Вот об этом и сологубовские «Тени». И еще у него сверхпрограммная деталь: мать мальчика, говорит автор, – вдова, но еще молодая и прекрасная.

И вот я говорю с чистой совестью и как на духу: не хочется сюда Фрейда приплетать, и без него хорошо. Даже не то что хорошо, а лучше. Сологуб выводит нас в чистое небо искусства, и уходить оттуда, падать собственной волей не хочется.

И вот таков весь Сологуб. О чем бы он ни писал. Каких бы Передоновых ни выставлял. Он действительно дульцинировал мир. Альдонсу превратил в Дульцинею и жадного Дракона подменил лунной Лилит (как в его пьесе «Заложники жизни»).

Ну, или вот еще один пример – уже прямой и непосредственно к его теме обращающий: знаменитое стихотворение «Нюрнбергский палач».

Кто знает, сколько скуки

В искусстве палача!

Не брать бы вовсе в руки

Тяжелого меча.

И я учился в школе

В стенах монастыря,

От мудрости и боли

Томительно горя.

Но путь науки строгой

Я в юности отверг,

И вольною дорогой

Пришел я в Нюренберг.

На площади казнили:

У чьих-то смуглых плеч

В багряно-мглистой пыли

Сверкнул широкий меч.

Меня прельстила алость

Казнящего меча

И томная усталость

Седого палача.

Пришел к нему, учился

Владеть его мечом,

И в дочь его влюбился,

И стал я палачом.

Народною боязнью

Лишенный вольных встреч,

Один пред каждой казнью

Точу мой темный меч.

Один взойду на помост

Росистым утром я,

Пока спокоен дома

Строгий судия.

Свяжу веревкой руки

У жертвы палача.

О, сколько тусклой скуки

В сверкании меча!

Удар меча обрушу,

И хрустнут позвонки,

И кто-то бросит душу

В размах моей руки.

И хлынет ток багряный,

И, тяжкий труп влача,

Возникнет кто-то рдяный

И темный у меча.

Не опуская взора,

Пойду неспешно прочь

От скучного позора

В мою дневную ночь.

Сурово хмуря брови,

В окошко постучу,

И дома жажда крови

Приникнет к палачу.

Мой сын покорно ляжет

На узкую скамью.

Опять веревка свяжет

Тоску мою.

Стенания и слезы, —

Палач – везде палач.

О, скучный плеск березы!

О, скучный детский плач!

Кто знает, сколько скуки

В искусстве палача!

Не брать бы вовсе в руки

Тяжелого меча!

Вот чистейший пример сублимации: бытовая подробность – наказание ребенка – превращается в публичную казнь и преодолевается, преобразуется чеканными строфами.


И. Т.: Борис Михайлович, вы обещали что-то сказать о сверхлитературном значении Сологуба, о неких жизненных проекциях его творчества. И к тому же я хочу припомнить однажды вами сказанные слова: мать социалистического реализма – кухарка, а отец – Сологуб.

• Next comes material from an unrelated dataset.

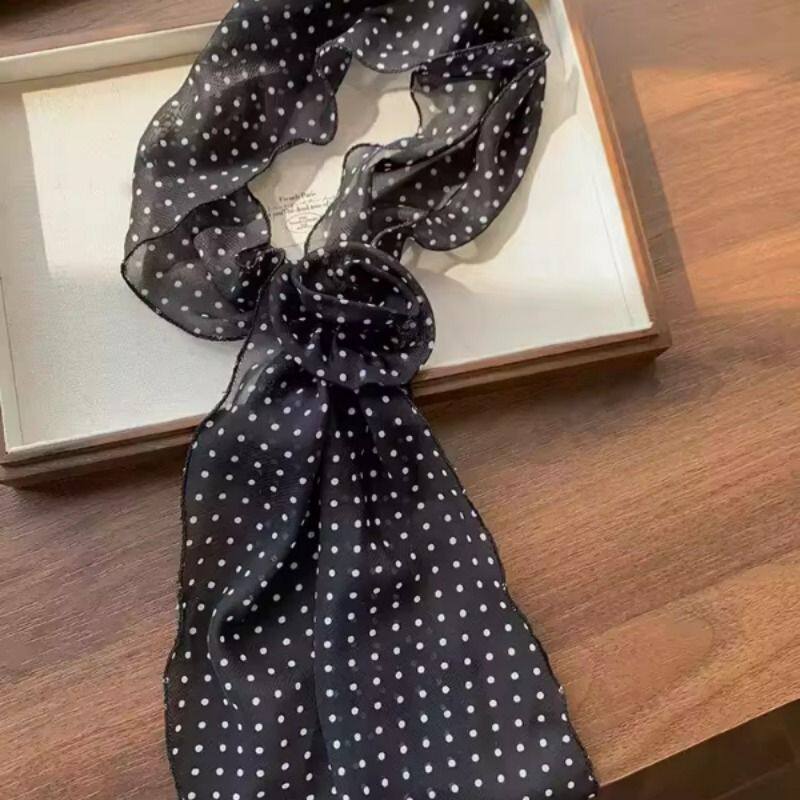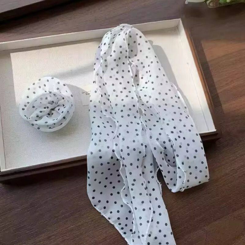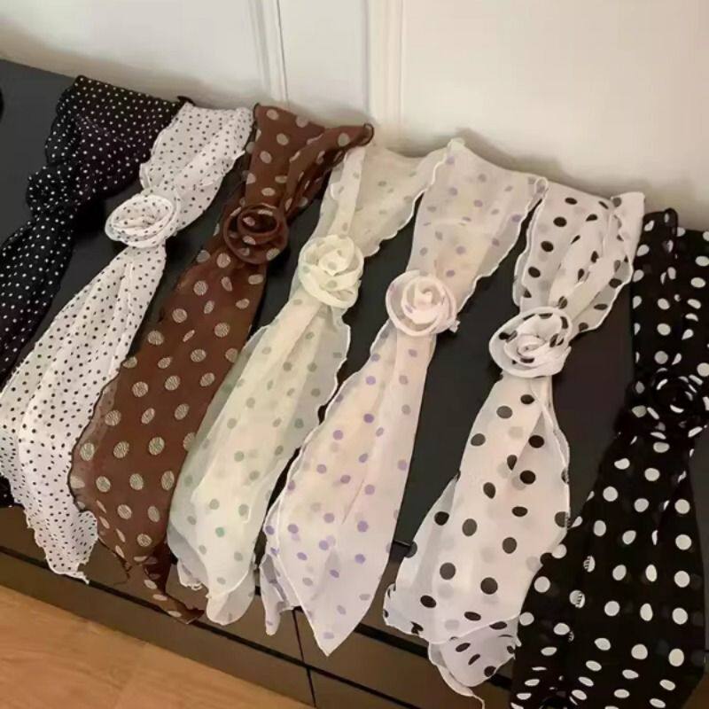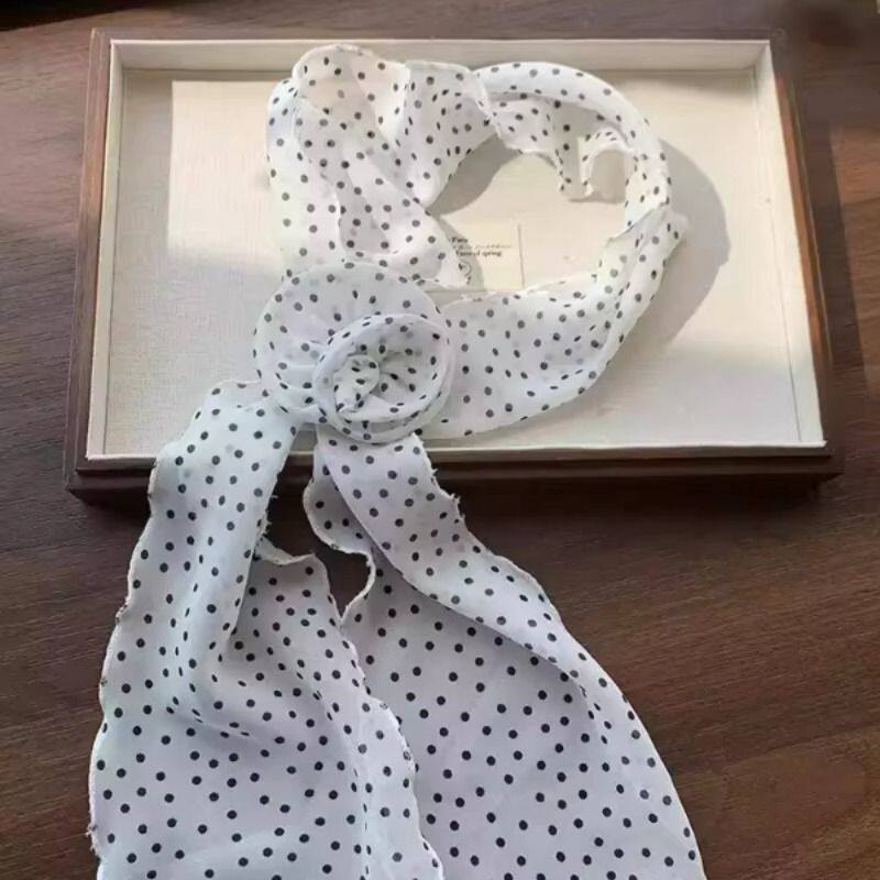 韩系波点玫瑰花丝巾女春夏季薄款高级感气质百搭系脖领巾围脖发带

Б. П.: Это все тот же вопрос об Альдонсе и Дульцинее, о дульцинировании жизни. Нужно понять, что у Сологуба в этой стратагеме, что ли, речь шла не просто и не только о литературе, сублимирующей жизнь в произведение искусства. Он, как и все его современники по Серебряному веку, думал о той же теургии – преображении бытия по модели красоты. Отнюдь не об искусстве, а именно о жизни, долженствующей преобразиться в творческом акте теургического свойства. Та же тема, что в «Смысле творчества» Бердяева. Искусство – знак неудачи, оно создает стихи, книги, симфонии и картины, но жизнь остается непреображенной. И это же основная тема Сологуба. Жизнь должна стать творимой легендой. Причем не в индивидуальном, а всеобщем порядке.

Сологуб писал в стихах: «И что мне помешает // Воздвигнуть все миры, // Которых пожелает // Закон моей игры».

Но его как раз обвиняли в солипсизме – изолированном самосовершенствовании, ибо для Сологуба, как он многократно заявлял, не существует мира за пределами его «я». Но в том-то и дело, что он жаждет выйти за эти пределы и преобразить, дульцинировать – мир. Отсюда эти тихие дети – как бы залог будущего преображенного мира. И вот тут я скажу, если угодно, ересь: этих детей усыновила советская литература.


И. Т.: А именно?


Б. П.: Это Тимур и его команда. Вообще, не кажется ли чудесным, что в Советском Союзе из литературы (не считая маргинальных гениев) удалась только детская?

Но с другой стороны: а что такое этот самый социалистический реализм, будь он неладен? Это и есть дульцинирование мира по Сологубу. Представить бытие преображенным не на картине, не в песне, не в книжке – в действительности, «в реале»? И верить в это воплощение, не замечая постылой реальности. Вот та самая пресловутая лакировка действительности в поздней сталинщине – это и есть реализованный проект Федора Сологуба. Социалистический реализм – это отнюдь не литературный метод, это фантастическое заклятие бытия, восприятие его в образе долженствования. Это магическое внушение, гипнопедия. Это все та же мечта раба, веками сеченного, о хорошей жизни. Вздох угнетенной твари, душа бездушного мира, как писал красноречивый основоположник. Сологуб – на этой линии. Он-то ведь и был рабом, который от розог родной матери вознесся мечтою к земле Ойле. Он создатель советской жизни, ее сумрачный проектировщик.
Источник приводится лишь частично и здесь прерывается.